The following table describes the actions you can take from the EXPERIMENT DOCUMENTATION page:
Sub-Category |
Description |
|---|---|
[1] General |
Configure AutoDoc report generation, file naming, template selection, and output format preferences |
[2] Data |
Configure data analysis documentation, summary tables, histograms, and transformation recommendations |
[3] Models |
Configure model architecture documentation, feature importance display, and GLM coefficient tables |
[4] Model Performance |
Configure performance metrics, validation statistics, confusion matrices, and stability analysis |
[5] Interpretation |
Configure model interpretability features, Shapley values, PDP plots, and feature importance analysis |
[6] Filter by Tags |
Filter and organize documentation settings using custom tags and labels |
[7] Save |
Save all documentation configuration changes |
[8] Cancel |
Cancel changes and revert to previous configuration settings |
General
The General sub-tab configures core AutoDoc settings, report generation preferences, and general documentation options for your experiments.
Common Settings:
- Make AutoDoc
What it does: Controls whether to generate AutoDoc reports after the experiment completes
Purpose: Creates comprehensive documentation including model performance, data analysis, and interpretability insights
- Available options:
Enabled: Generates AutoDoc report (default)
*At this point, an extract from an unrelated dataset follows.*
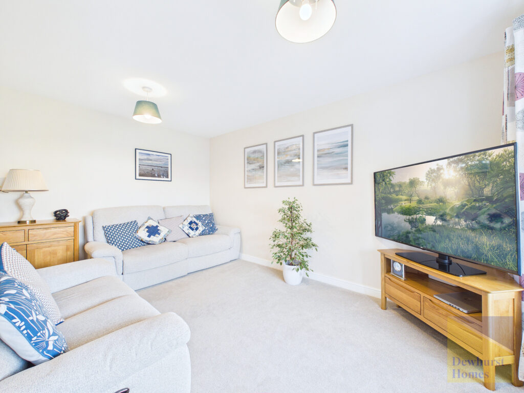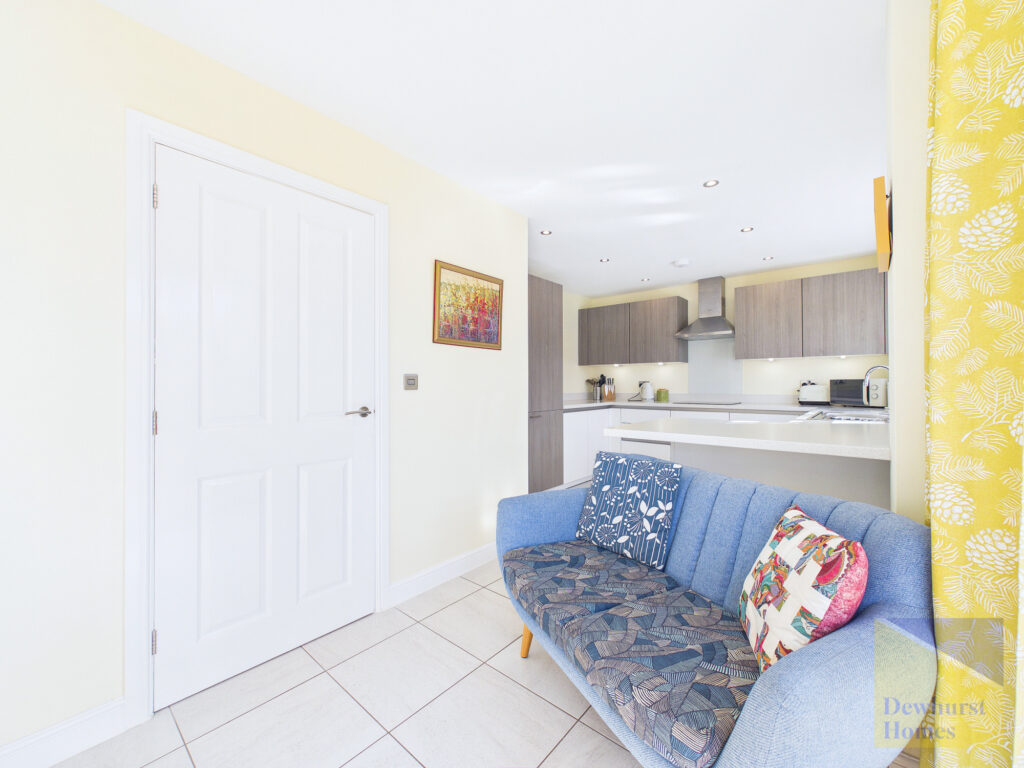 Upon entering, you are welcomed into a bright and inviting interior, where the sense of space and light is immediately apparent. The principal reception room is a beautifully proportioned lounge, offering a calm and sophisticated retreat for relaxation, enhanced by generous windows that frame views of the surrounding greenery.

Disabled: Skips AutoDoc generation
Requires: Boolean toggle (default: Enabled)
- AutoDoc Name
What it does: Sets the name for the AutoDoc report file
Purpose: Customizes the output filename for the generated documentation
Default value: “report”
File extension: Added automatically based on output type setting
Requires: String value (default: “report”)
- AutoDoc Template Location
What it does: Specifies the file path to a custom AutoDoc template
Purpose: Allows use of custom templates for personalized report generation
Template format: Supports custom template files for tailored documentation
Empty value: Uses the default Driverless AI template
Requires: String path (default: “”)
- AutoDoc File Output Type
What it does: Controls the output format for the AutoDoc report
Purpose: Determines the file format of the generated documentation
- Available options:
DOCX: Microsoft Word document format (default)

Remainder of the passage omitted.